Audience: you are evaluating whether FlashRT can accelerate your model (not necessarily a VLA). This doc lists every CUDA kernel shipped by FlashRT and the fusion patterns they enable, so you can judge re-use against your model's compute graph before adopting the framework.
TL;DR: FlashRT exports pybind entries across three modules:
flash_rt_kernels(~98 entries; memory-bound ops, fp8 quant/dequant, cuBLASLt wrappers, Thor FMHA — always built),flash_rt_fp4(~23 entries; NVFP4 weight prep and SM120 block-scaled GEMM wrappers — built on SM100+/SM120), andflash_rt_fa2(2 entries; vendored Flash-Attention 2 fwd for fp16 + bf16 — RTX/SM80-family only, skipped on Thor). Counts are approximate and can shift by a handful between releases; this doc lists them by group, not by individual entry. Hand-written kernels cover the memory-bound ops (norm / activation / fusion / quantize / pointer marshalling); compute-bound ops (GEMM, attention) delegate to cuBLASLt, CUTLASS, and the vendored FA2.
The same kernel set that powers Pi0 / Pi0.5 / GROOT is a natural fit for any small-batch transformer-flavored model:
- Gemma / PaliGemma / Qwen backbones — re-use the full encoder
FFN fusion stack (RMSNorm + QKV + RoPE + GQA + gate-geglu + FP8
GEMM; Qwen3's true-SiLU FFN uses the
silu_mul_split_*path instead of the merged GEGLU kernels). - DiT / diffusion transformers — re-use the MHA attention entry
(
attention_mha_fp16), residual+norm fusion, FP8 GEMM, and the diffusion-step helper (gpu_euler_step). - Audio / video diffusion — internal teams have already validated a ~4× speedup on audio/video transformer generators by reusing this exact kernel set.

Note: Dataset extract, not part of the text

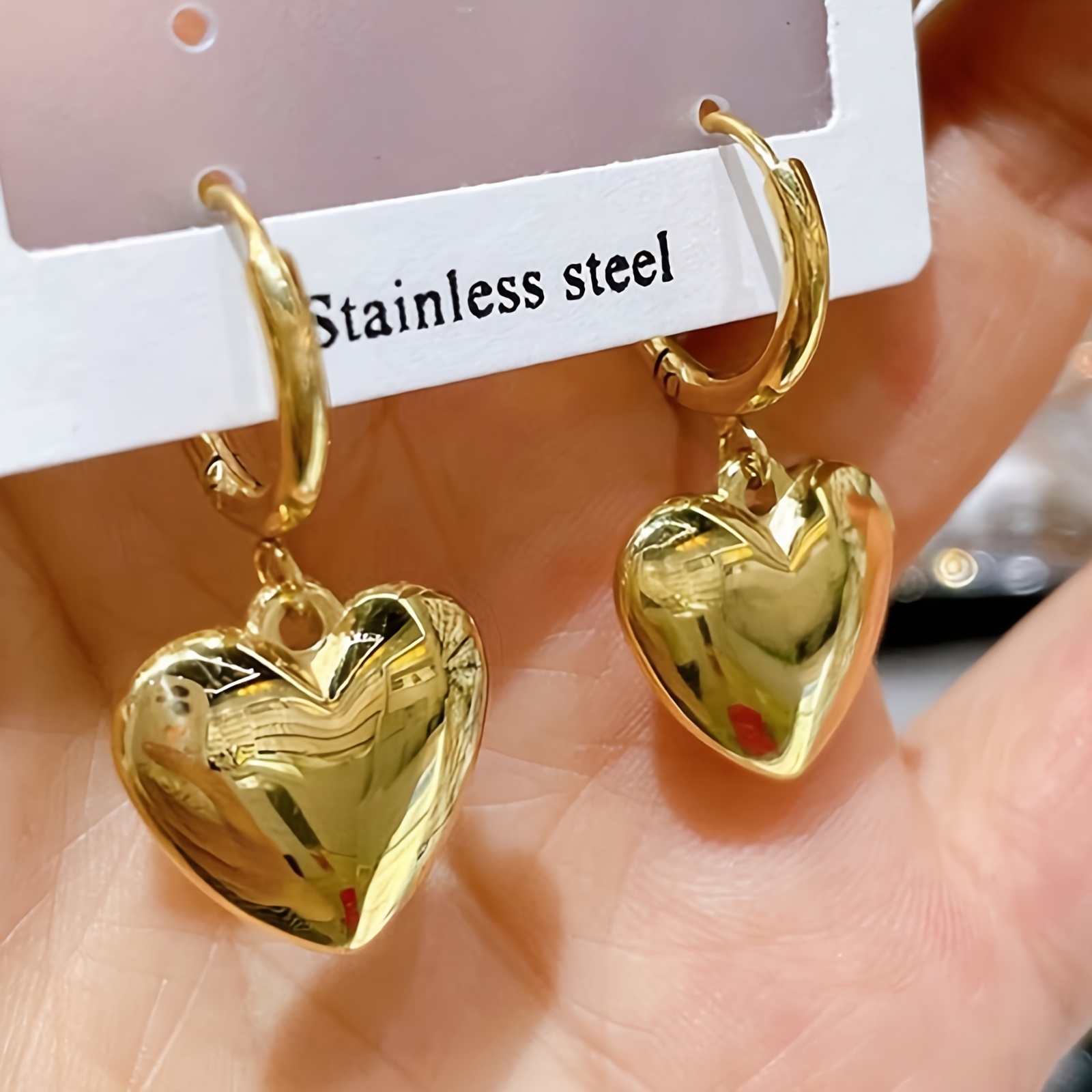 TEMU 2개 18K 금도금 스테인리스 스틸 하트 두꺼운 펜던트 귀걸이, 여성 선물, 발렌타인데이, 어버이날, 엄마 또는 여성 친구를 위한 선물, 고품질 스테인리스 스틸 여성 후프 귀걸이, 18K 금도금 내마모성 변색 방지

The abstraction is "small-batch low-latency inference", not "VLA-specific".
- Anything with CUDA Graph potential — every kernel here is graph-capture-safe: no dynamic allocation, deterministic launch footprint, pointer-only interface.
If your model has any of {RMSNorm, SwiGLU/GeGLU, GQA, FP8 tensors, CUDA Graph, diffusion Euler step} in its forward, you will likely find fused kernels here that save 30–60% latency vs a naive PyTorch implementation.
from flash_rt import flash_rt_kernels as fvk # 87 kernels, always built (pybind, PyTorch)
from flash_rt import flash_rt_fa2 as fa2 # 2 entries, RTX only (SM80/86/89/120)
# JAX side (training + inference): consumed via ctypes + jax.ffi
# <repo>/flash_rt/flash_rt_jax_ffi.so # 2 XLA FFI handlers, optionalflash_rt_fa2 is skipped on Thor SM110 (Thor uses fvk.attention_qkv_fp16
cuBLAS-decomposed attention — hand-tuned for Thor's unified LPDDR).
flash_rt_jax_ffi.so is built only when JAX + the XLA FFI header are
importable at configure time; it carries zero new compute kernels
— each handler delegates to an existing entry in flash_rt_kernels
(see § 11).
RMSNorm and LayerNorm variants, parameterized on compute dtype, output dtype (float vs FP8-quantized), weight presence, and Ada / style modulation.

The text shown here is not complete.